EXERCISE GOAL: From the line containing "Kaos Polos Anak" to the last line of the listing, both included, copy every line exactly and drop the pictures.

THE DATA:
====

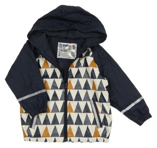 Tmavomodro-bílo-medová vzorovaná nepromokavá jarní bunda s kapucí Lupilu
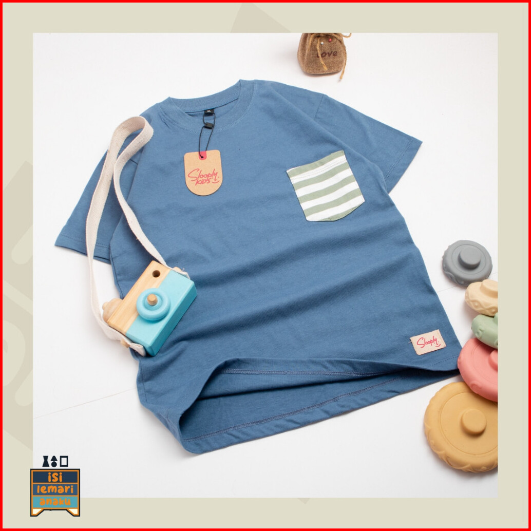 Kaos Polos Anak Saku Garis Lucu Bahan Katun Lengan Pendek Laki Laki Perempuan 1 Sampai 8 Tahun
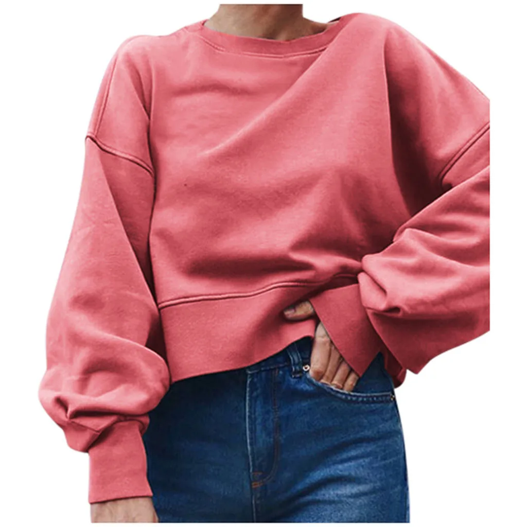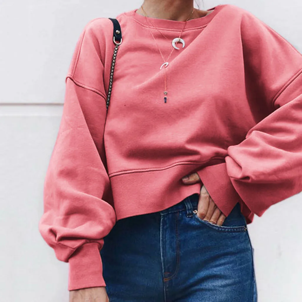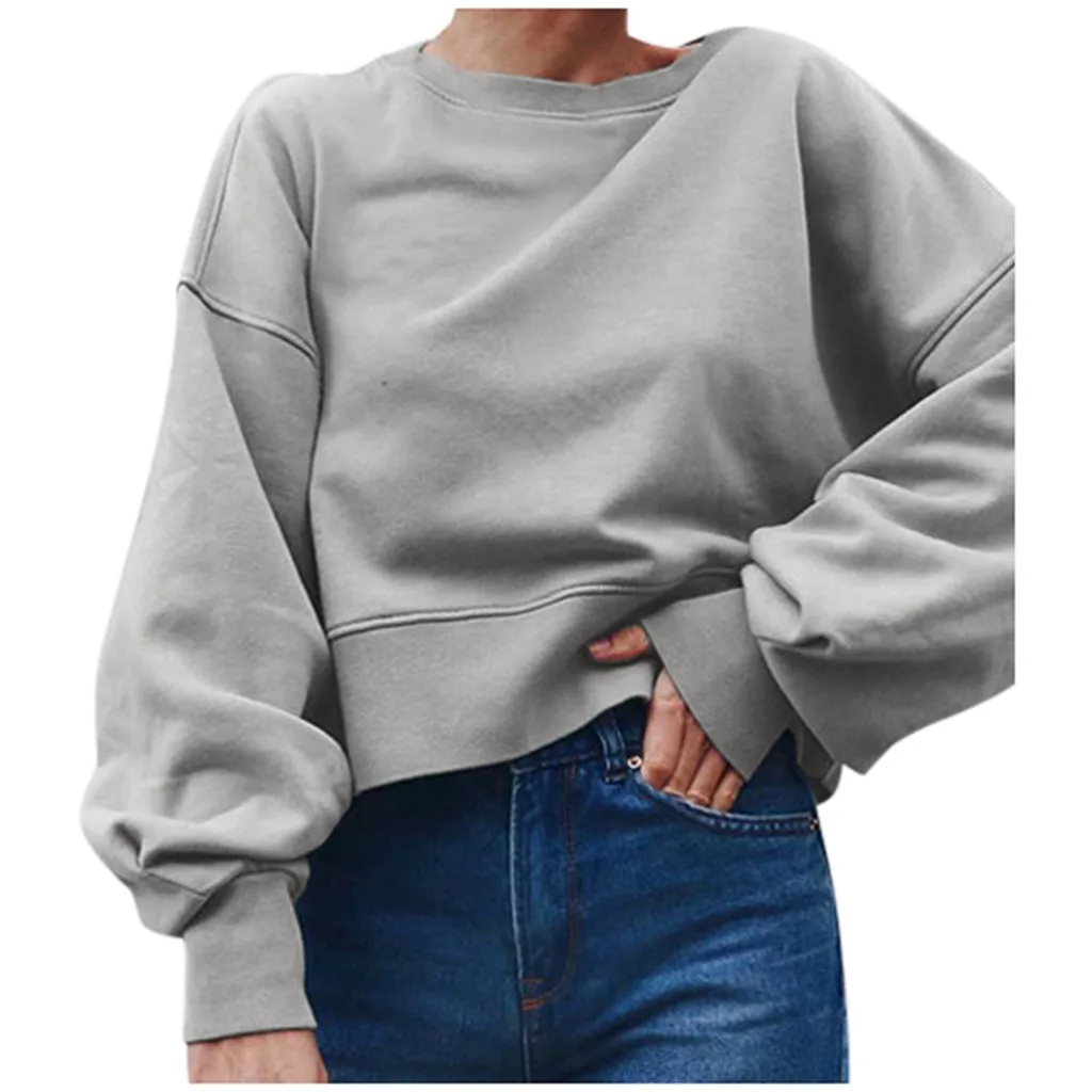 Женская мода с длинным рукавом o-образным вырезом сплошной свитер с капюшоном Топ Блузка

====

RESULT FOR THIS TASK:
 Kaos Polos Anak Saku Garis Lucu Bahan Katun Lengan Pendek Laki Laki Perempuan 1 Sampai 8 Tahun
 Женская мода с длинным рукавом o-образным вырезом сплошной свитер с капюшоном Топ Блузка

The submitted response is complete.